Let $H_{1} : \frac{x^{2}}{a^{2}} - \frac{y^{2}}{b^{2}} = 1$ and $H_{2} : - \frac{x^{2}}{A^{2}} + \frac{y^{2}}{B^{2}} = 1$ be two hyperbolas having length of latus rectums $15 \sqrt{2}$ and $12 \sqrt{5}$ respectively. Let their eccentricities be $e_{1} = \sqrt{\frac{5}{2}}$ and $e_{2}$ respectively. If the product of the lengths of their transverse axes is $100 \sqrt{10}$ , then $25 e_{2}^{2}$ is equal to __________. [2025]

Ans.
(55)

Given, Hyperbola : $H_{1} : \frac{x^{2}}{a^{2}} - \frac{y^{2}}{b^{2}} = 1$ and $e_{1} = \sqrt{\frac{5}{2}}$ and $H_{2} : \frac{- x^{2}}{A^{2}} + \frac{y^{2}}{B^{2}} = 1$

Using $H_{1}$ , length of latus rectum = $15 \sqrt{2}$

$\Rightarrow \frac{2 b^{2}}{a} = 15 \sqrt{2}$ ... (i)

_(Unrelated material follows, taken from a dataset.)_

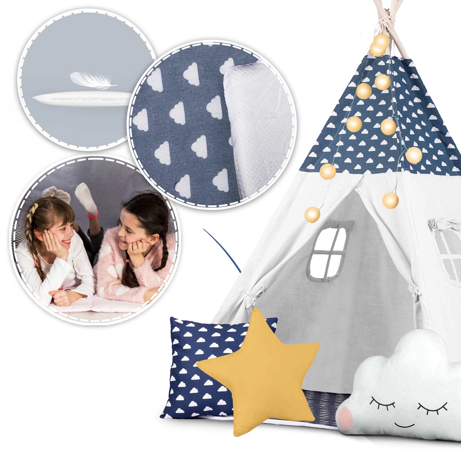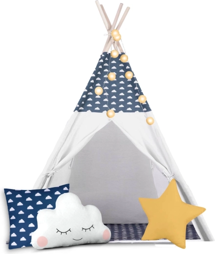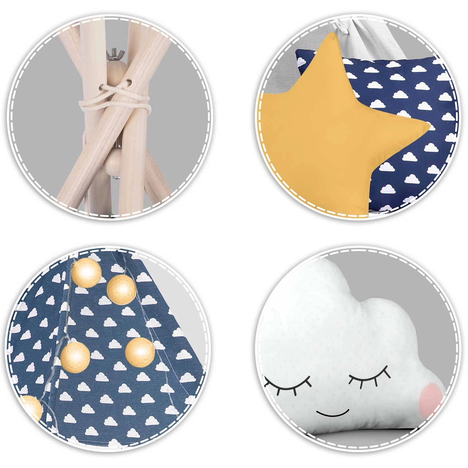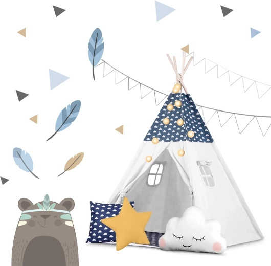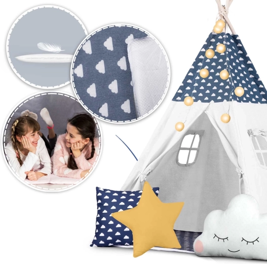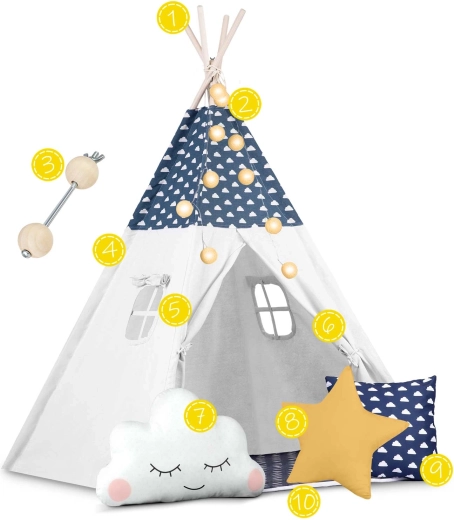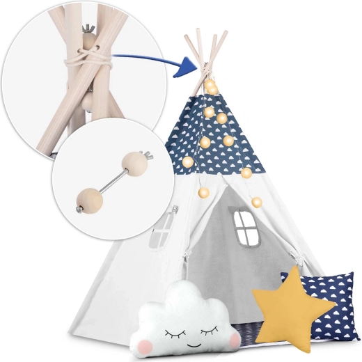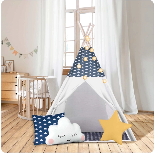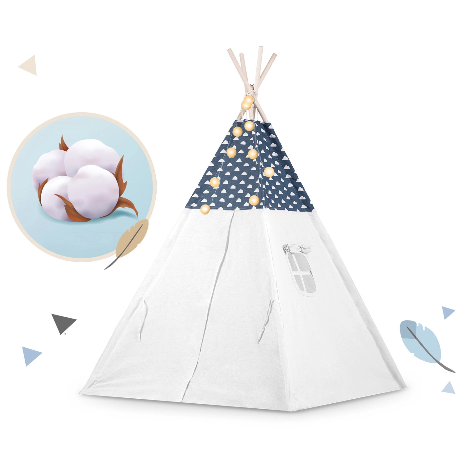 De Nukido kinder-tipi is ontworpen in Montessori-stijl om zelfstandig spel, fantasie en rustig lezen te stimuleren. Premium 100% katoen met hoger gramgewicht voelt prettig aan, ademt uitstekend en creëert een veilige omgeving om te ontspannen. Houten stokken van grenen zorgen voor stevigheid, terwijl lampjes de tent een knusse sfeer geven.

Since, $e_{1} = \sqrt{\frac{5}{2}} \Rightarrow 1 + \frac{b^{2}}{a^{2}} = \frac{5}{2} \Rightarrow \frac{b^{2}}{a^{2}} = \frac{3}{2}$ ... (ii)

Using (i) and (ii), we get $a = 5 \sqrt{2} and b = 5 \sqrt{3}$

Now, for $H_{2}, \frac{2 A^{2}}{B} = 12 \sqrt{5}$ ... (iii)

Since, product of transverse axes is $100 \sqrt{10}$ , then

$2 a \cdot 2 B = 100 \sqrt{10}$

$\Rightarrow 2 \times 5 \sqrt{2} \times 2 B = 100 \sqrt{10} \Rightarrow B = 5 \sqrt{5}$

$∴ A = 5 \sqrt{6}$ [Using (iii)]

Now, eccentricity of $H_{2}$ is given by

$e_{2}^{2} = 1 + \frac{A^{2}}{B^{2}} = 1 + \frac{150}{125} = 1 + \frac{30}{25} = \frac{55}{25}$

$\Rightarrow 25 e_{2}^{2} = 55$ .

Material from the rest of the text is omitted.